- **What to produce**
The line with "Kaum im Auto, wurden" marks the first line to copy, and the line with "龙银理财睿元理财产品(行内标识码RY22008)第三周期运作公告" marks the last. Transcribe that stretch of the data below exactly, without pictures.

- **Raw data**
# # # # # # #

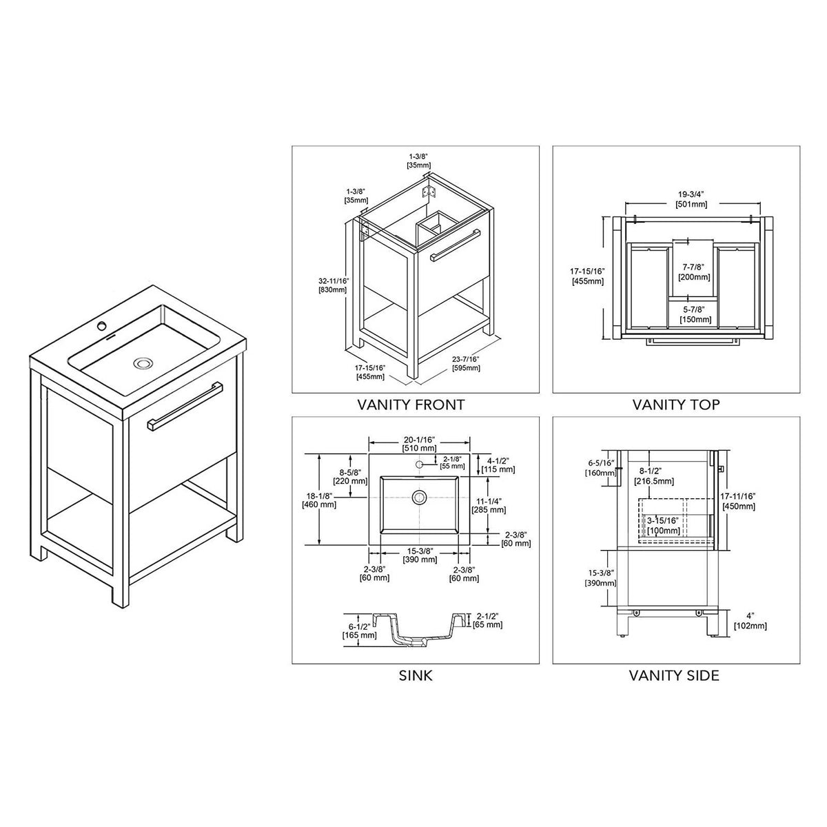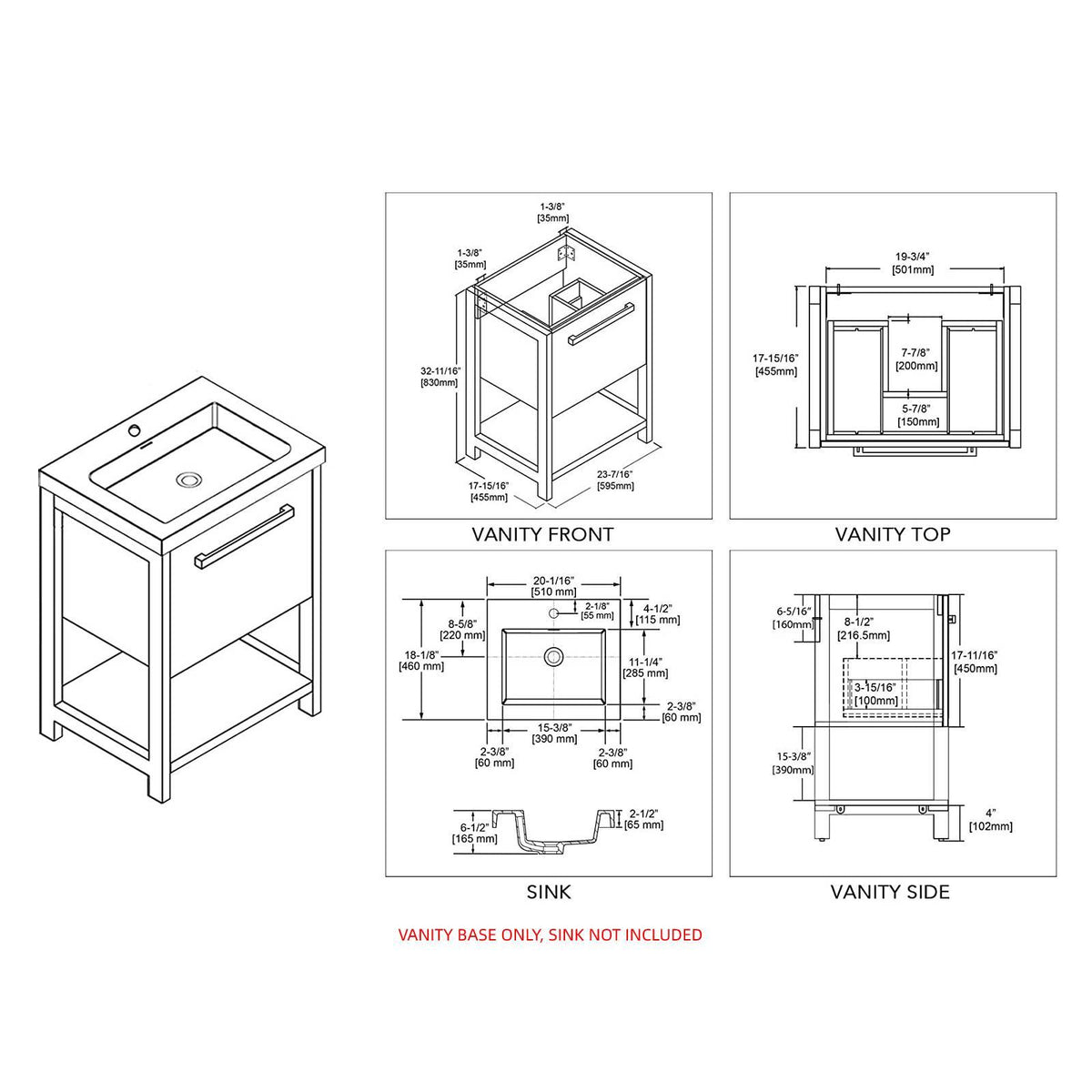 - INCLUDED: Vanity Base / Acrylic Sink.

# # # # # # #

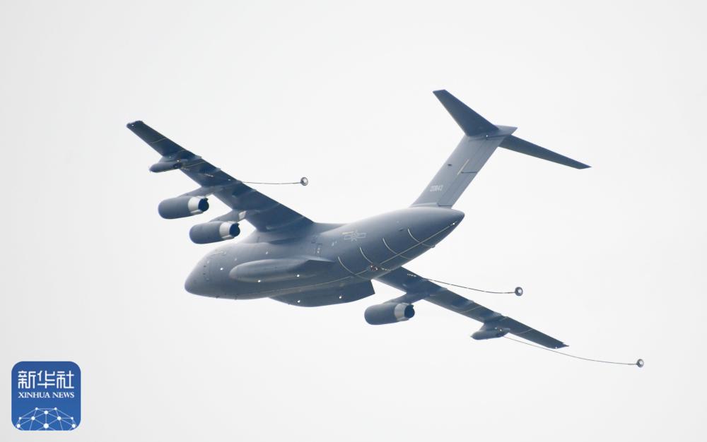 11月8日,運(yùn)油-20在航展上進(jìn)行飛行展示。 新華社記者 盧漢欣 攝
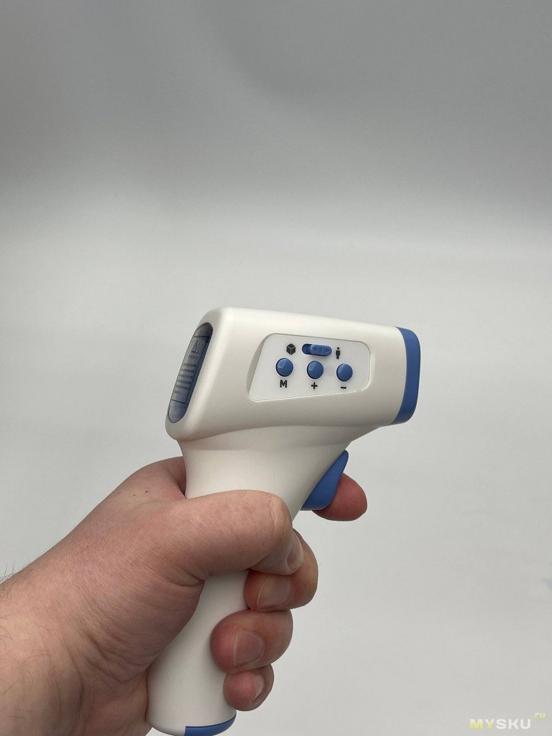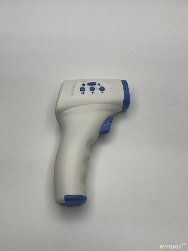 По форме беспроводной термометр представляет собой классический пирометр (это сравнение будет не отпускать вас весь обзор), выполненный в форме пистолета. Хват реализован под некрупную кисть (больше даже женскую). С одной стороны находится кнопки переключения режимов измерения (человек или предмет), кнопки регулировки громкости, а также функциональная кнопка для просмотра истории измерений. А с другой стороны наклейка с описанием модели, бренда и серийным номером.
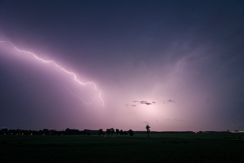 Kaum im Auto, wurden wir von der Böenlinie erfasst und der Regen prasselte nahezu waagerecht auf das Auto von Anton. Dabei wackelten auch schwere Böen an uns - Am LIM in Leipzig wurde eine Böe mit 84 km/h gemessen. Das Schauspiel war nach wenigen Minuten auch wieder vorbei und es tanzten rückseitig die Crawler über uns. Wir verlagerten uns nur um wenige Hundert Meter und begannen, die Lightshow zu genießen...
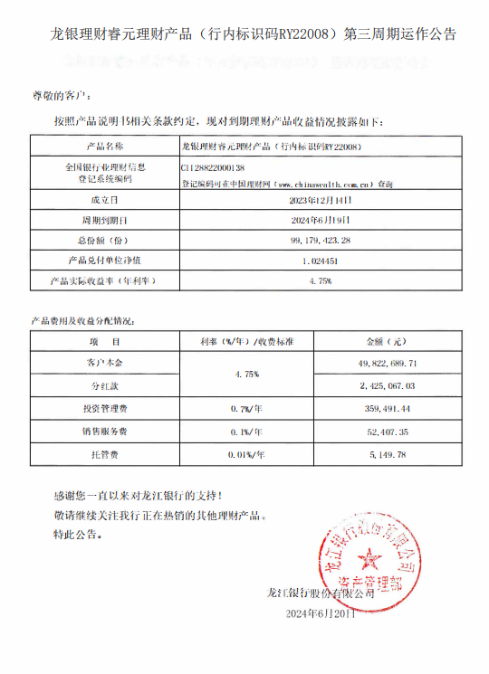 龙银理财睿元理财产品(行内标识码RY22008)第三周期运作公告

# # # # # # #

- **Task output**
 Kaum im Auto, wurden wir von der Böenlinie erfasst und der Regen prasselte nahezu waagerecht auf das Auto von Anton. Dabei wackelten auch schwere Böen an uns - Am LIM in Leipzig wurde eine Böe mit 84 km/h gemessen. Das Schauspiel war nach wenigen Minuten auch wieder vorbei und es tanzten rückseitig die Crawler über uns. Wir verlagerten uns nur um wenige Hundert Meter und begannen, die Lightshow zu genießen...
 龙银理财睿元理财产品(行内标识码RY22008)第三周期运作公告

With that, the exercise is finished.